今さら人に聞けないような“音楽の基本”から、制作の裏側や専門テクニックといった“マニアックな知識”までを掘り下げる『EIGHT-JAM』。

1月18日(日)の同番組では、「プロが選ぶ年間マイベスト」後編が放送された。

スタジオには、作詞家/歌詞プロデューサー・いしわたり淳治、音楽プロデューサー・蔦谷好位置、そして川谷絵音が集結。錚々たる選者3人が、2025年にリリース&話題になった曲の中から独自目線でベスト10を選出するという企画だ。

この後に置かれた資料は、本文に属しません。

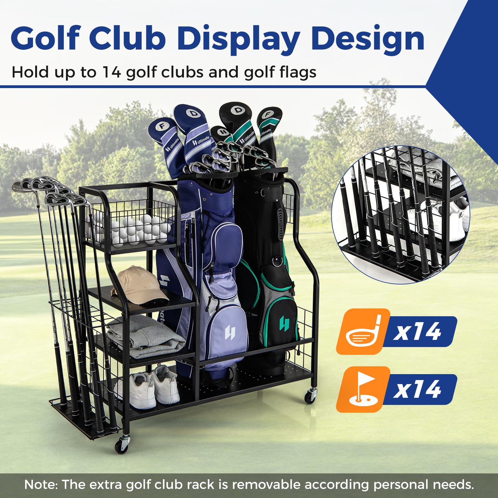 - ???¡¾Extra Storage Rack for Golf Clubs¡¿ With a golf club display design, this golf bag stand is equipped with an additional golf club rack designed to hold up to 14 golf clubs and golf flags. Note: The extra golf club rack is removable according to personal needs.
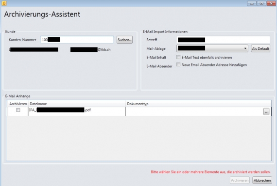 A1: Im Archivierungsassistenten mit einen Kontrollkästchen ergänzen, mit welchem der Kundenberater eine Zuordnung der E-Mail Absender Adresse zum Kunden veranlassen kann.
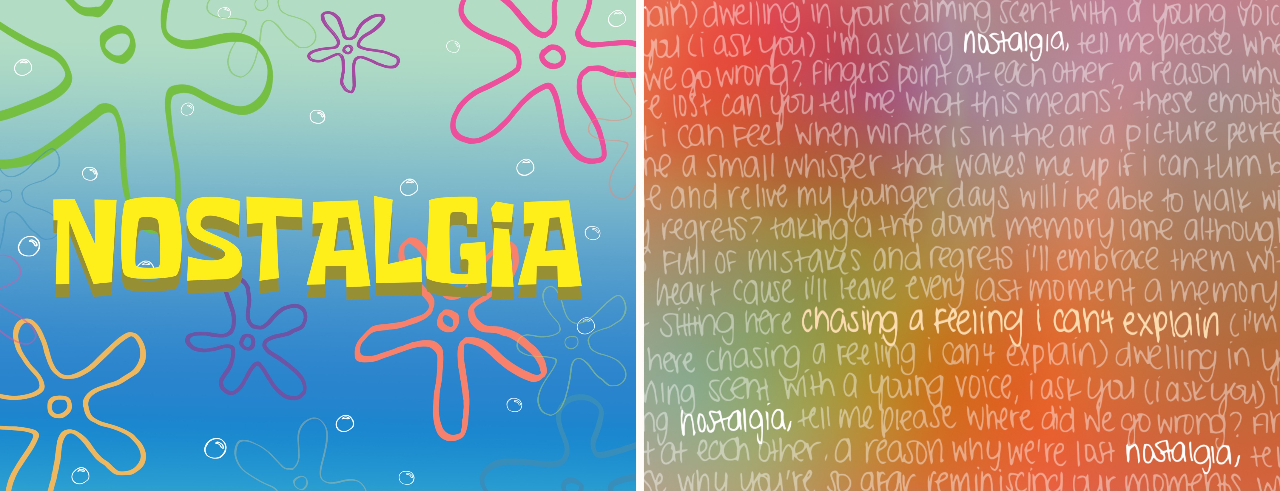 A two-part typography project capturing the emotional depth of “nostalgia” through visual and technical design. The first iteration, inspired by SpongeBob, utilized custom brushes and typography to evoke childhood memories, while the second iteration drew from the song Nostalgia by JUNNY and JAY B. Through a blend of Adobe Illustrator and Photoshop, the project incorporated gradient techniques, text manipulation, and creative brushwork, offering a personal yet universally relatable depiction of the word’s meaning.
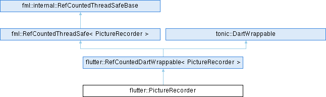 Public Member Functions inherited from flutter::RefCountedDartWrappable< PictureRecorder > | |
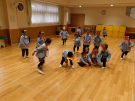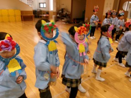 以上児さんもそれぞれの手作りお面をつけてホールに集合です!
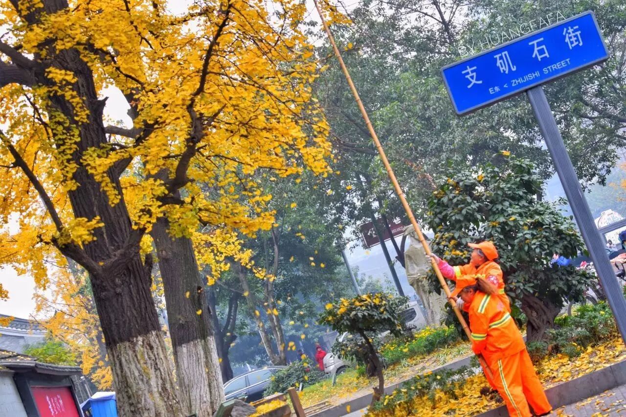 银杏好像是环卫叔叔嬢嬢的死敌,刚刚扫完,风一吹也一个劲的掉,所以扫之前他们都会拿着杆杆强行在树下浪漫一把。
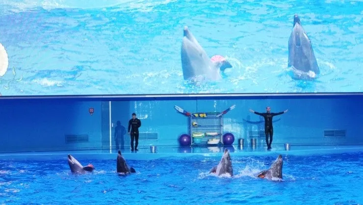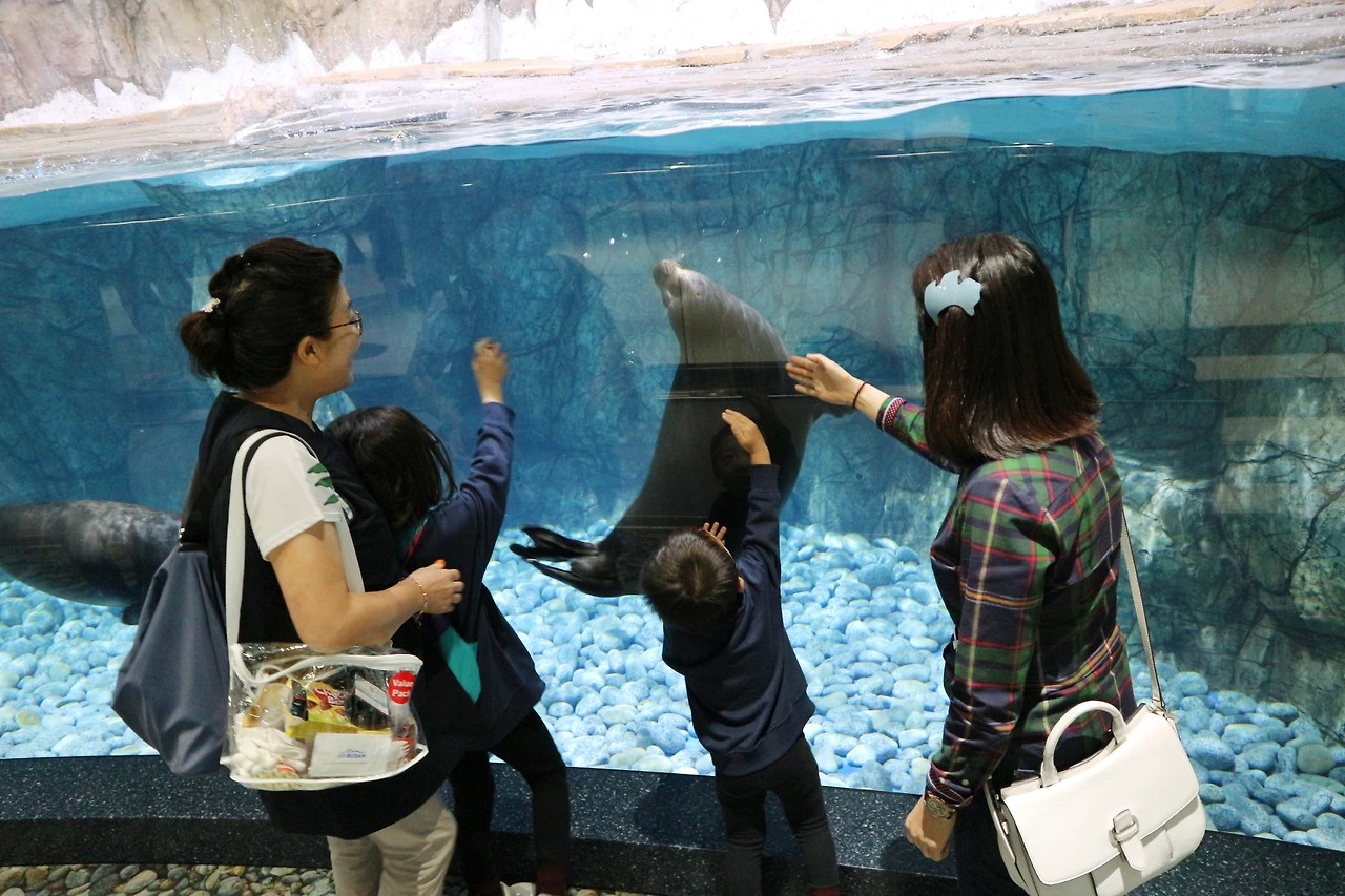 바다의 생물들이 많이 와 있다. 바다사자, 상어, 가오리, 고래 등에 눈길이 간다. 수족관의 내부가 깊은 심해 바다 같았다. 돌고래가 손주들에게 인사한다. 우리는 지정된 좌석에 앉았다.
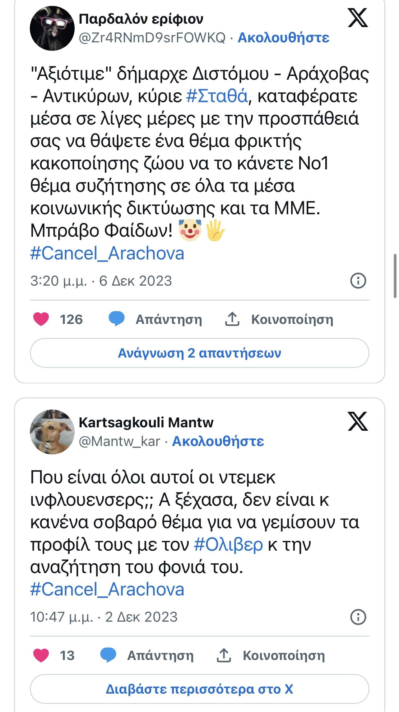 Στο πλαίσιο αυτό, έχει δημιουργηθεί το hashtag “cancel arachova”, με τον χειμερινό προορισμό να γίνεται trend στο Twitter, καθώς εκεί ο Όλιβερ βρήκε μαρτυρικό θάνατο από αιμορραγία αφότου βιάστηκε με αιχμηρό αντικείμενο.
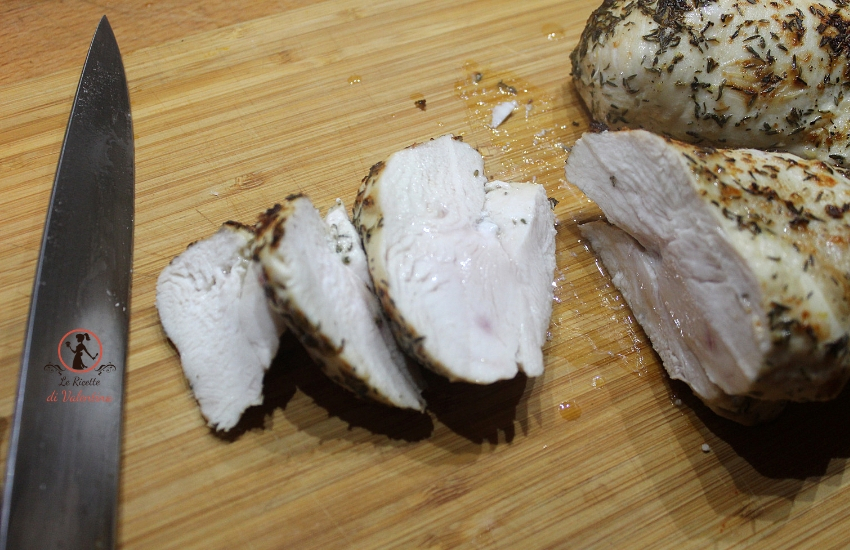 Una volta pronti, affettate il pollo in maniera obliqua e servite subito, con un contorno a vostra scelta.

前編では、それぞれ第10位~第5位を発表し各曲の魅力を熱弁。そして後編では、三者三様さらに熱のこもった濃密解説とともに、気になる第4位~第1位が発表された。

◆大物アーティストがタッグ「深読みしたくなる曲」

川谷絵音が第2位に選出したのは、米津玄師と宇多田ヒカルがタッグを組んだ『JANE DOE』。

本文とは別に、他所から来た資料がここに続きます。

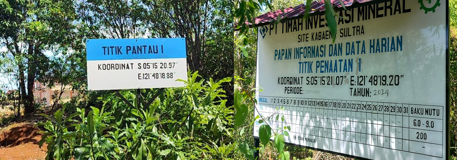 Saat didekati, plang tersebut bertuliskan milik PT Timah Investasi Mineral (PT TIM), dengan keterangan “Titik Pantau I” lengkap dengan koordinat geografis.
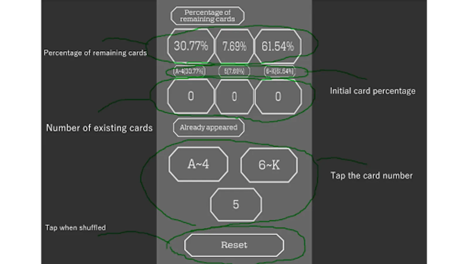 With this simple and stylish app, you can easily grasp percentage of remaining cards in Baccarat just by tapping the smartphone!
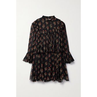도엔 알레트 러플 티어드 플로럴 프린트 실크 조젯 미니 원피스 1647597318506452
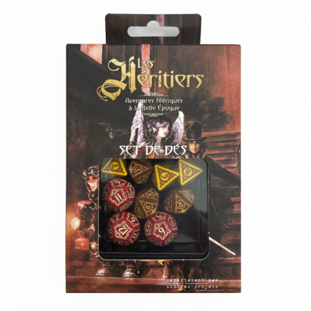 Ce set comprend trois D12, trois D10 et trois D8 spécialement conçus pour Les Héritiers, par Q Workshop. Leur design Belle Epoque épouse l’atmosphère du jeu. Les D10 et D12 comportent des faces à résultat négatif, comme le prévoit le système 3D.
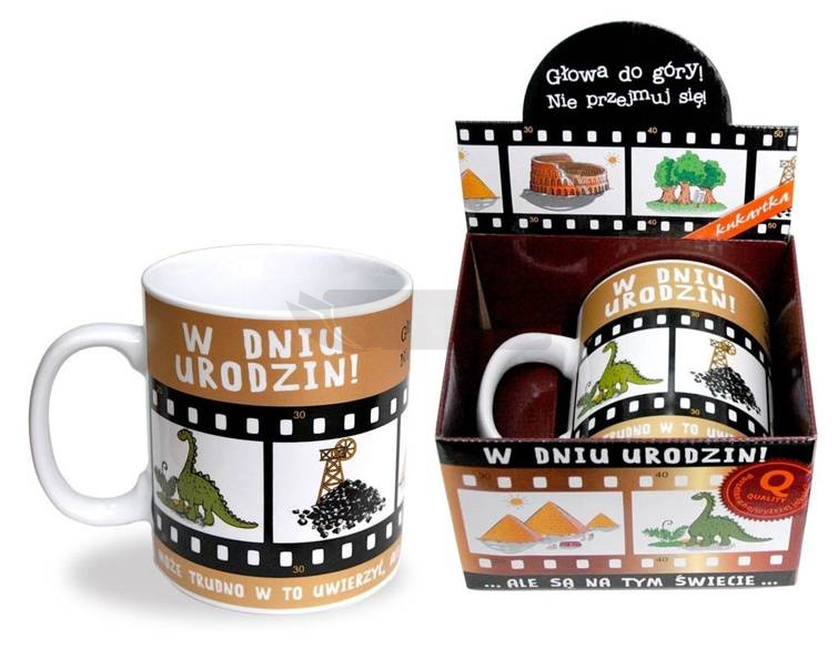 Kubek Gigant "W dniu urodzin" G-044 Kubki Giganty Kukartka to wyjątkowy produkt na rynku - są duże, piękne, zabawne i praktyczne. Każdy prawdziwy facet marzy o takim kubku, który eliminuje konieczność niepotrzebnego wstawania po dolwekę np.. od komputera. Każdy duży kubek ma specjalne, dedykowane do wzoru opakowanie, które można rozłożyć, aby zaprezentować kubek w środku. Wszystkie Giganty są zdobione w podpoznańskiej fabryce Kukartki, więc kupując je, wspieracie polskich producentów. Cechy szczególne: Typ produktu: duży kubek Gigant, Materiał: porcelana, Opakowanie: dekoracyjny, rozkładany kartonik dedykowany do wzoru, Pojemność 700ml, Okazja: urodziny
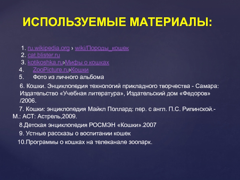 ИСПОЛЬЗУЕМЫЕ МАТЕРИАЛЫ:

川谷がこの楽曲で一番驚いたというのが、“サビ前の2回ブレス”だ。

「サビ前に無音になり1回ブレスのパターンはよく聴くが、2回ブレスのパターンは今まであっただろうか…。この2回のブレス音によってサビの奥行きが、さらに出た気がする」(川谷)

さらに、ブレス直後のサビがいきなり1オクターブ以上の跳躍メロディーであることに触れ、「この景色の変わり方に圧倒されるしかない」と脱帽した。

この曲は劇場版『チェンソーマン レゼ編』のエンディングテーマ。デビルハンターの少年・デンジがカフェで働く謎の少女・レゼと出会い親密になるも、やがて戦うことになる切ない葛藤の物語だが、川谷は「2人の心情の揺れやズレを楽曲がよく表現している」という。

まず注目したのは、宇多田が歌うレゼのパート。イントロから続く不穏なコード進行について、「サビに行くまでにレゼの感情は激しく揺れ動いている」「デンジを殺そうとする直前の葛藤や逡巡が、この不安定なコードとサビ前の2回ブレスに現れている」と指摘。そして、葛藤を振り切り、デンジを「殺す」と決意した瞬間に、サビのメロディーが1オクターブ以上も跳躍し、感情が爆発する構成になっているという。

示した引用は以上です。